> _About this task_
Please copy the lines below, exactly as they are, from the one with "Pulque enlatado Ocho" through the one with "Stop the time |", and leave out the pictures.

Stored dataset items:
□ □ □ □ □

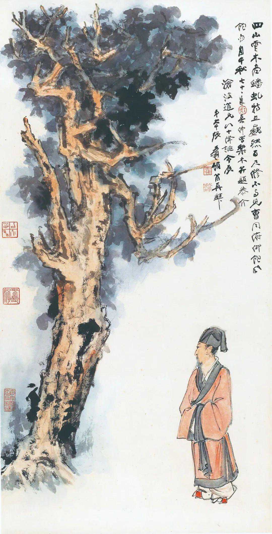 款识:四山云木尽蟠虬,特立巍然百尺修。不与儿曹同俯仰,饱风饱雨自千秋。七十一年春仲写梨木并题恭介。沧波道兄八十降诞令辰。弟大千张爰顿首再拜。
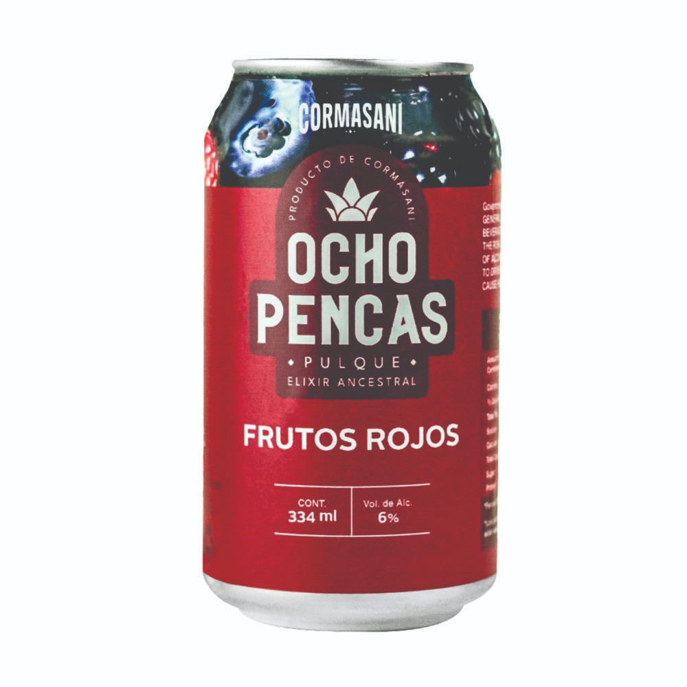 Pulque enlatado Ocho Pencas “Frutos Rojos”. Presentación: lata 334 ml.
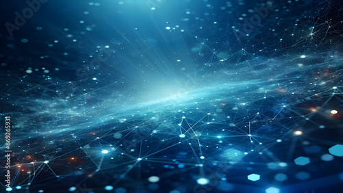Blue abstract background with network grid and particles
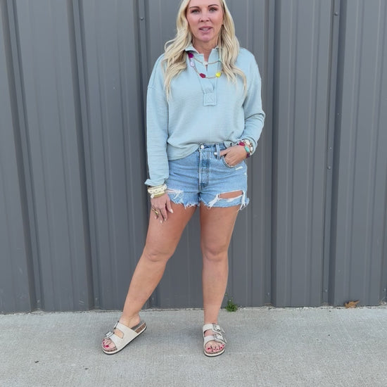 An elevated everyday essential. The Skyline Waffle Knit Pullover features a soft textured fabric with a relaxed fit and a modern collared neckline. Easy to dress up or down, this lightweight layer pairs perfectly with denim, lounge shorts, or layered over your favorite basics.
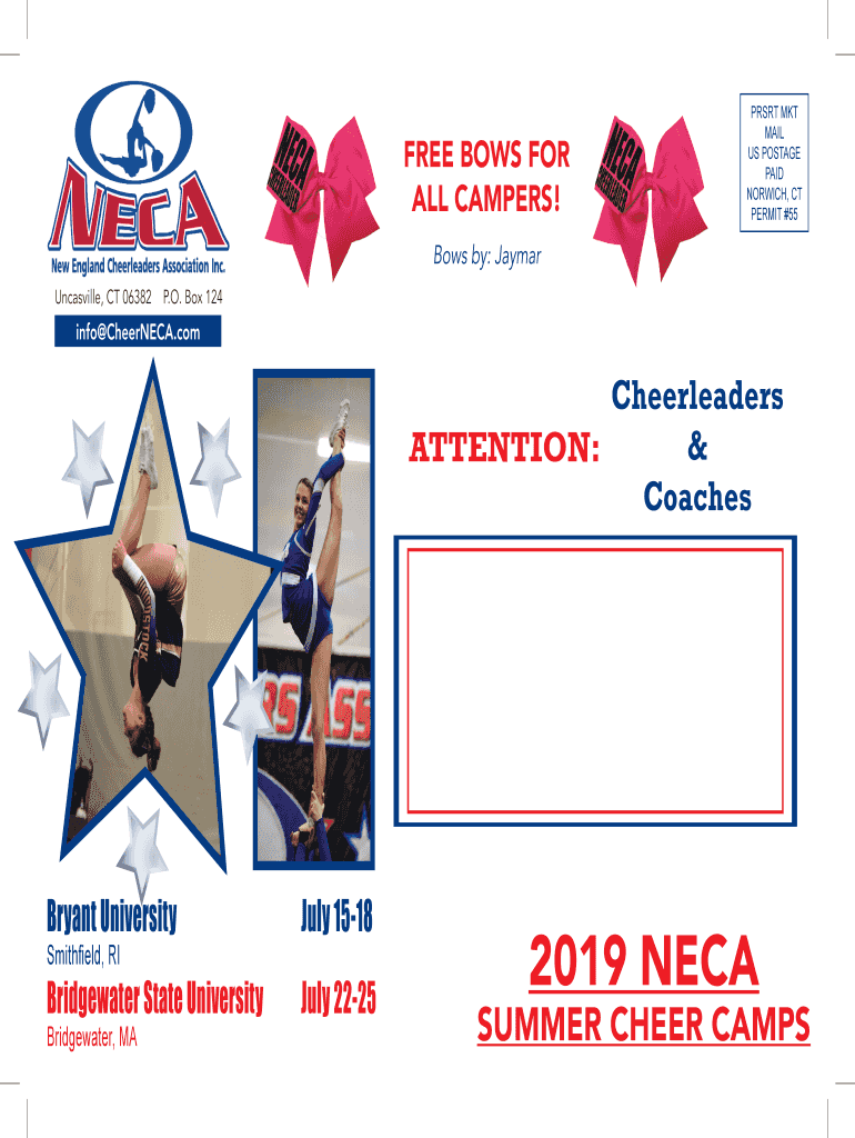 FREE BOWS FOR ALL CAMPERS!PR SRT MKT MAIL US POSTAGE PAID NORWICH, CT PERMIT #55Bows by: Jamar Duncanville, CT 06382P. O. Box 124info Cheered. Cheerleaders & ATTENTION: Coaches Bryant University July
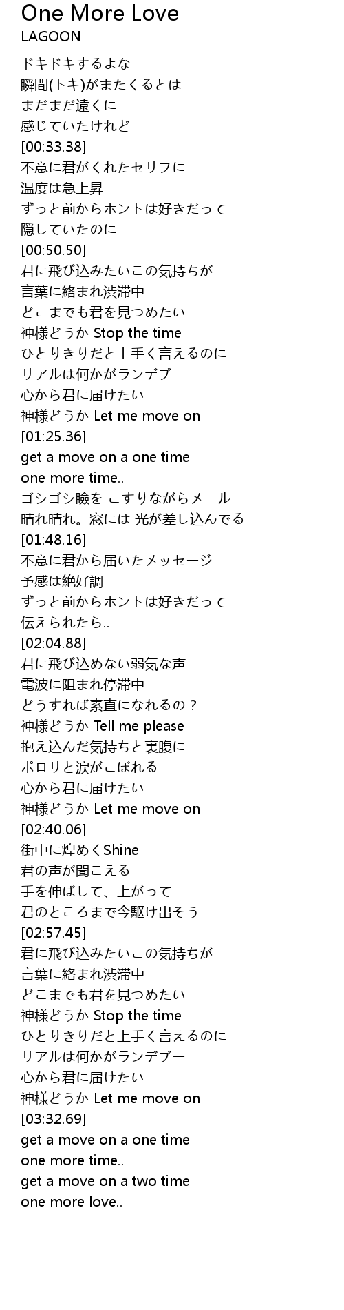 | [01:03.69] | 神様どうか Stop the time |
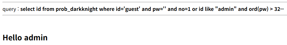 payloads = f'?no=1%20or%20id%20like%20"admin"%20and%20ord(mid(pw,{i},1))%20like%20{pw_ascii}--+'
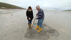 The beach, which is used as an airport several times a day also happens to be one of the most productive Cockle beaches in the islands. Donald Maclean, who runs a shellfish company on the island, gives Sarah a lesson in Cockling.
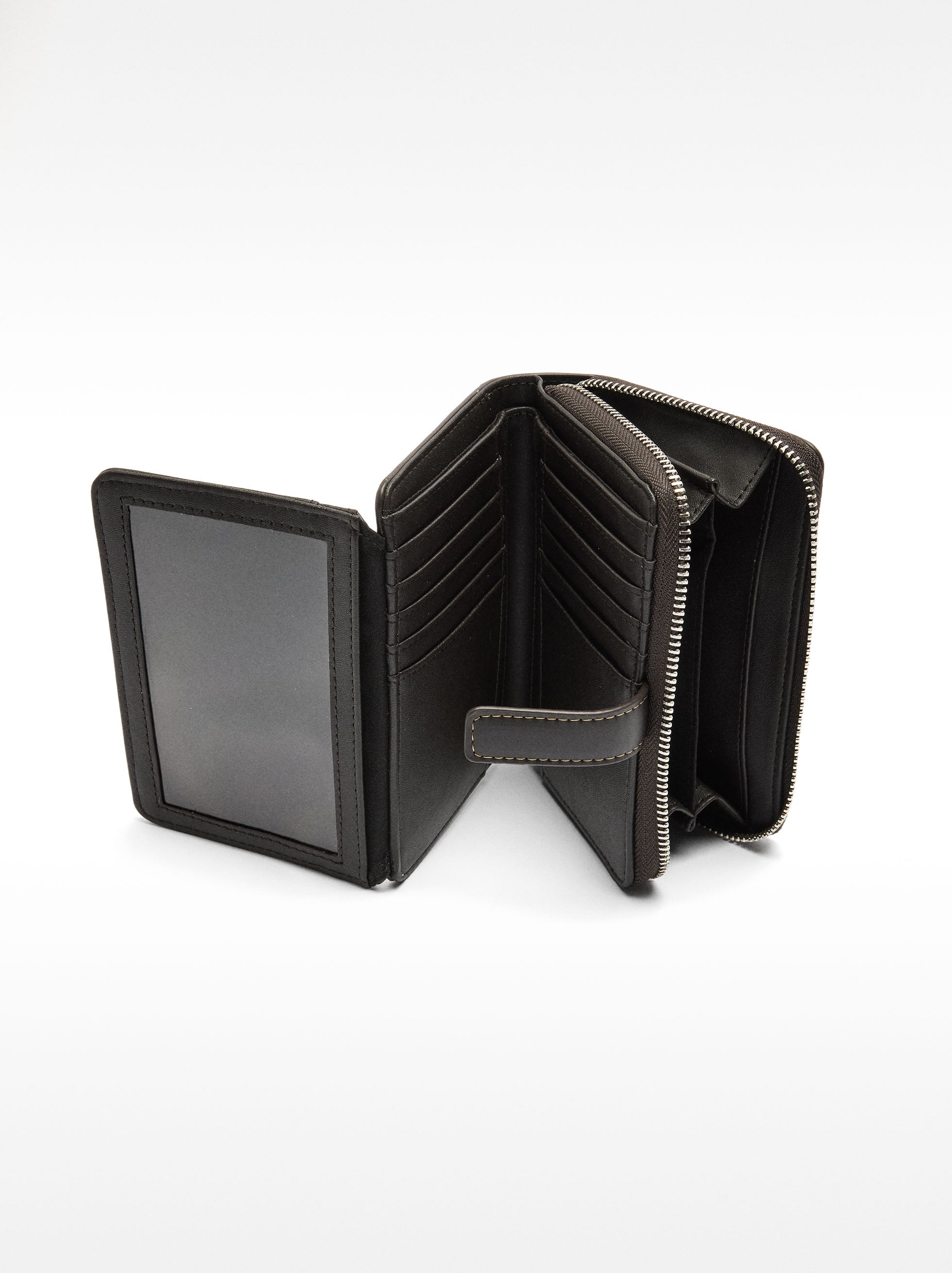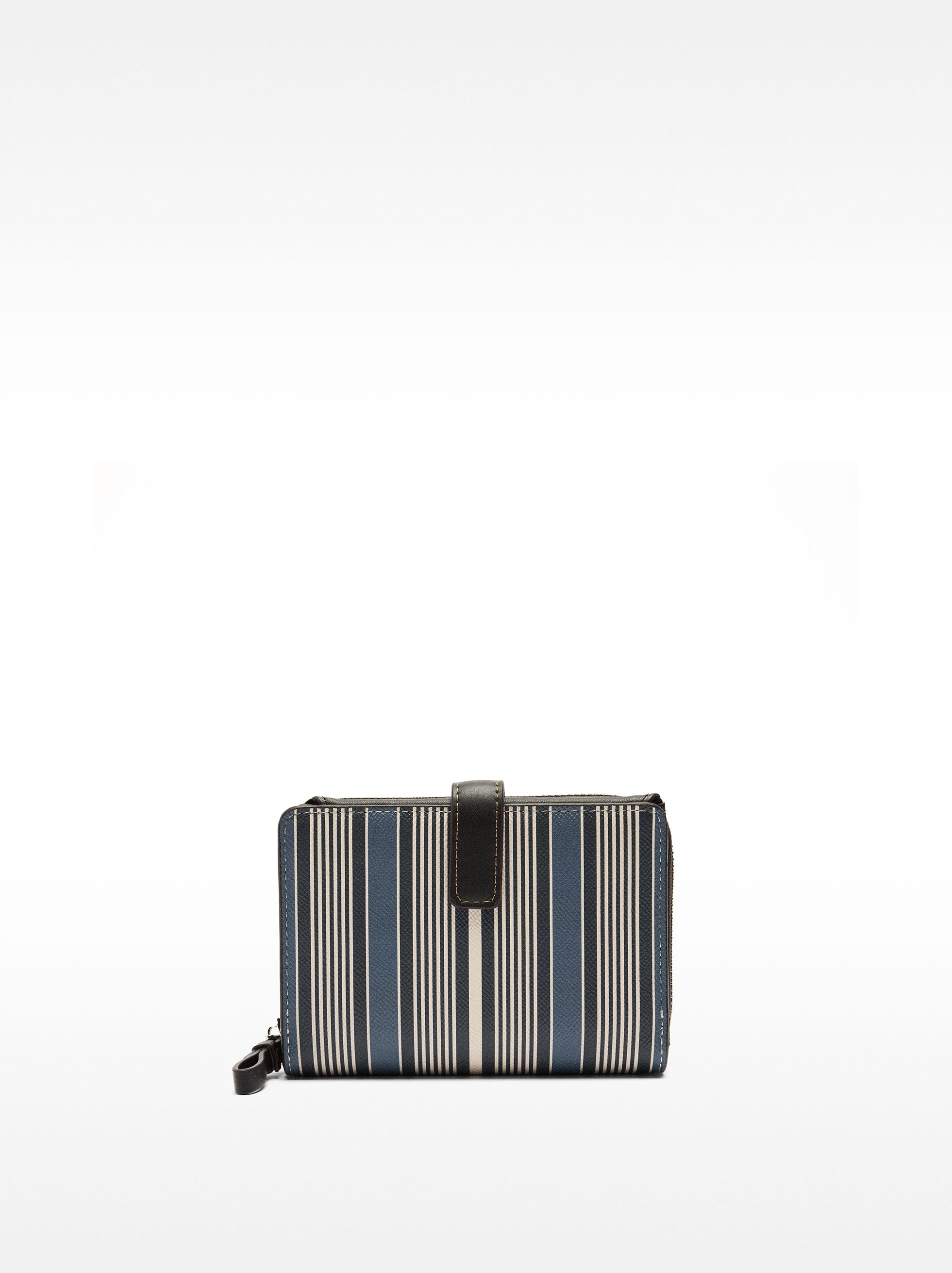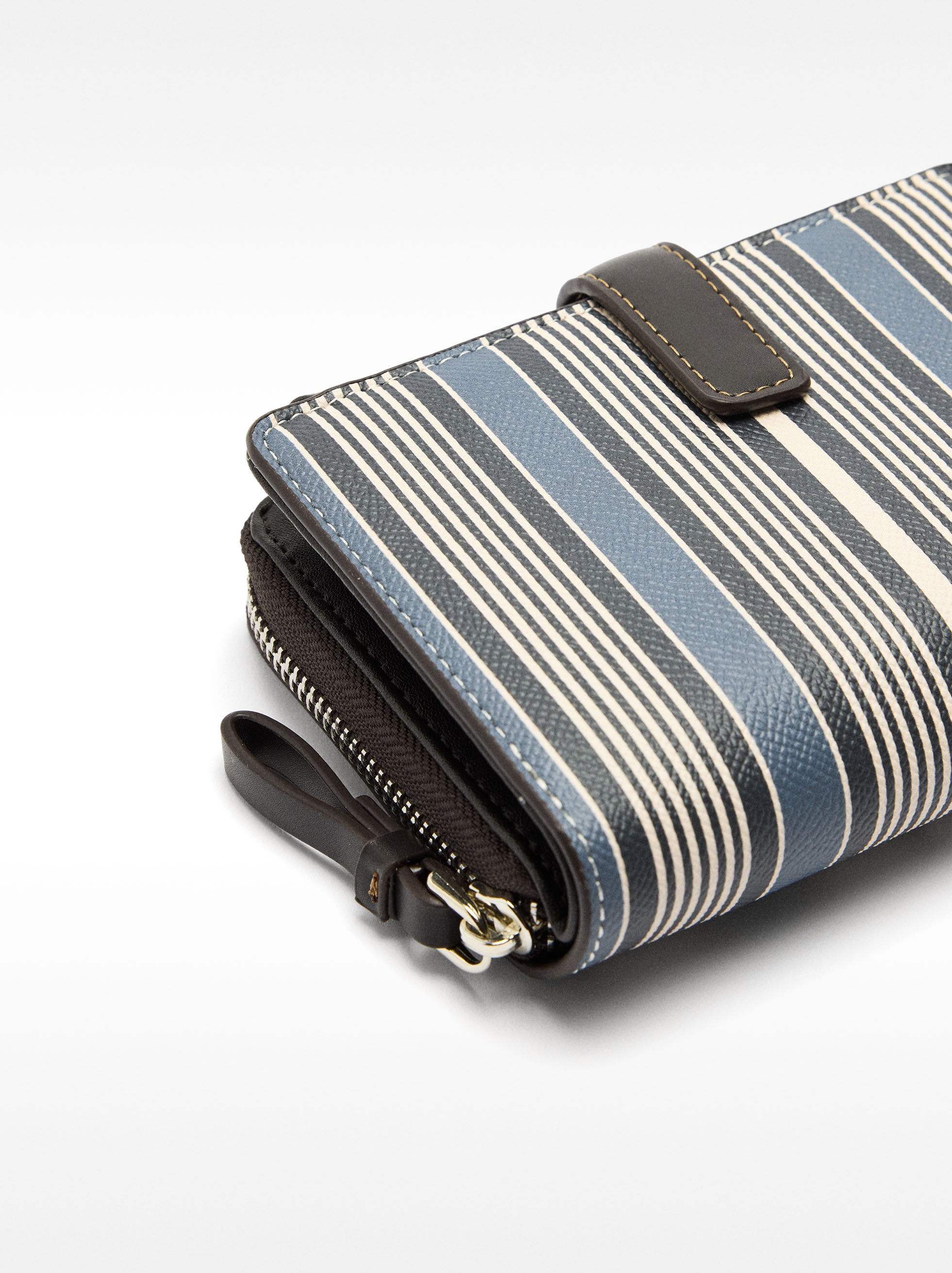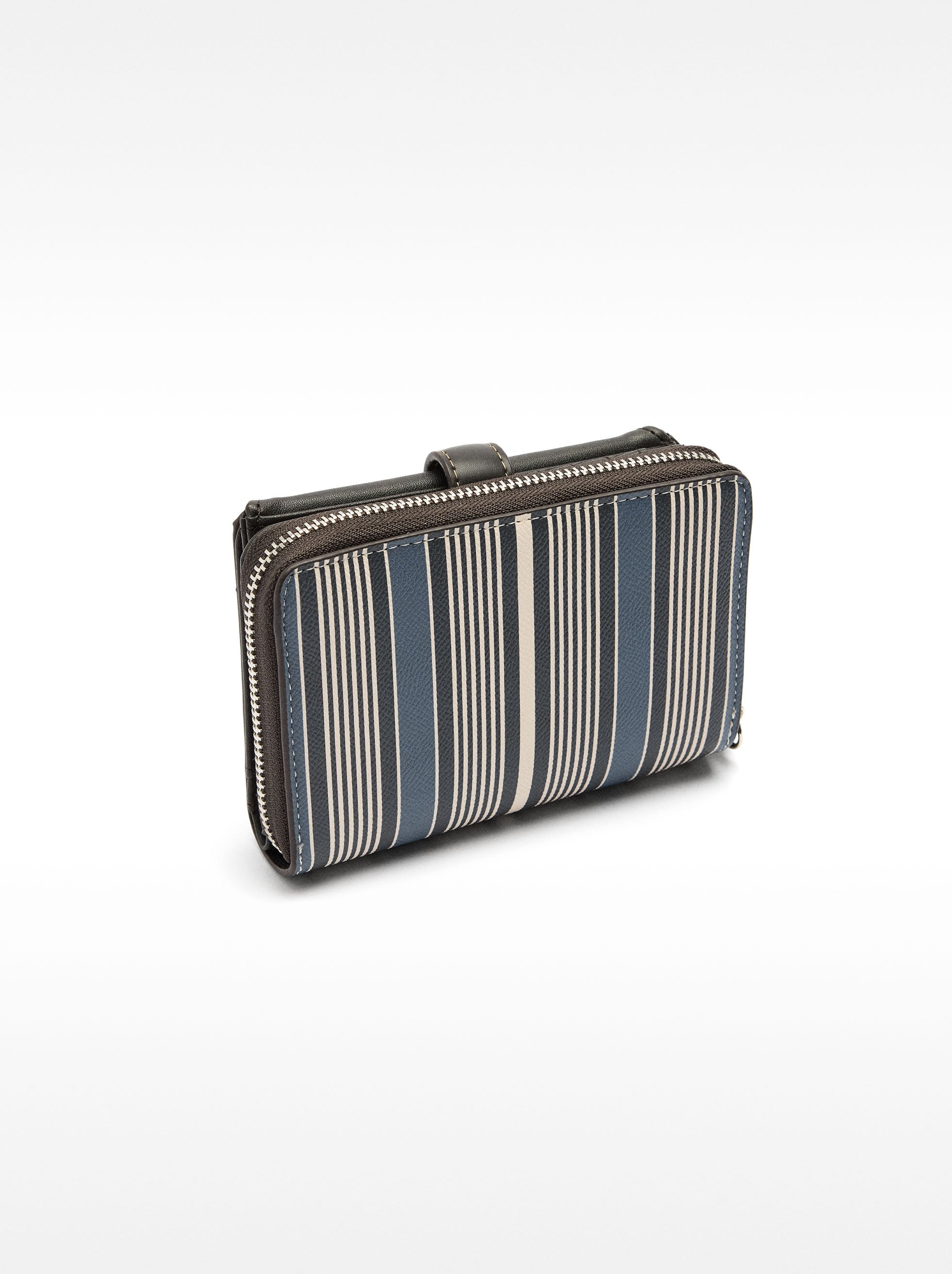 Cartera a rayas con textura. Tamaño mediano. Compartimento con ranuras para tarjetas y cierre con botón de presión. Compartimento para monedas con cierre de cremallera.
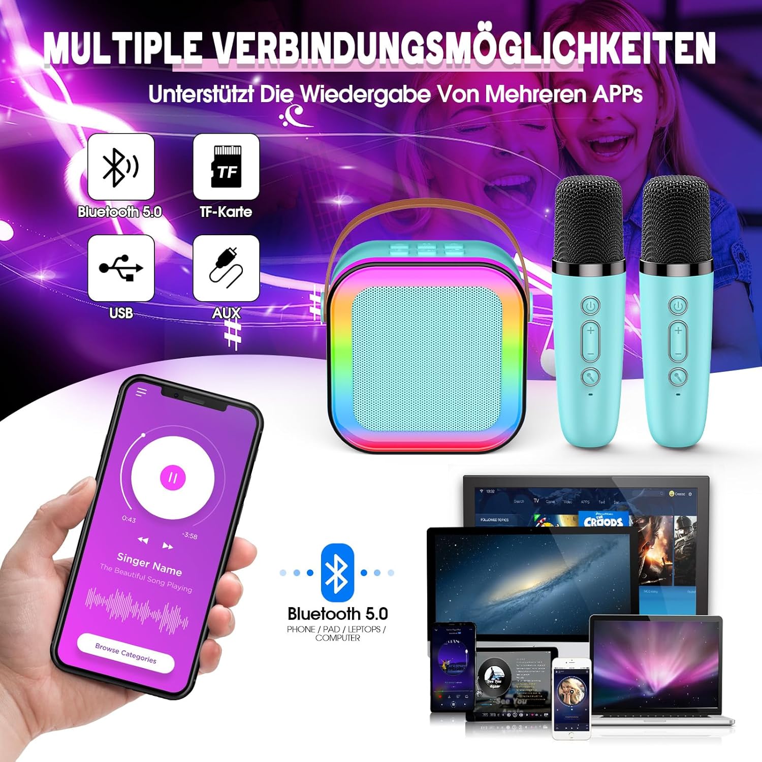 - 【Coole Lichter】Unser Karaoke-Set hat coole Lichter, die Ihren Kindern grossen visuellen Genuss zusammen mit toller Musik bieten. Die Lichter enthalten nicht nur mehrere Farben, sondern haben auch verschiedene dynamische Effekte, die es eine gute Wahl

□ □ □ □ □

> _Solution for this problem_
 Pulque enlatado Ocho Pencas “Frutos Rojos”. Presentación: lata 334 ml.
Blue abstract background with network grid and particles
 An elevated everyday essential. The Skyline Waffle Knit Pullover features a soft textured fabric with a relaxed fit and a modern collared neckline. Easy to dress up or down, this lightweight layer pairs perfectly with denim, lounge shorts, or layered over your favorite basics.
 FREE BOWS FOR ALL CAMPERS!PR SRT MKT MAIL US POSTAGE PAID NORWICH, CT PERMIT #55Bows by: Jamar Duncanville, CT 06382P. O. Box 124info Cheered. Cheerleaders & ATTENTION: Coaches Bryant University July
 | [01:03.69] | 神様どうか Stop the time |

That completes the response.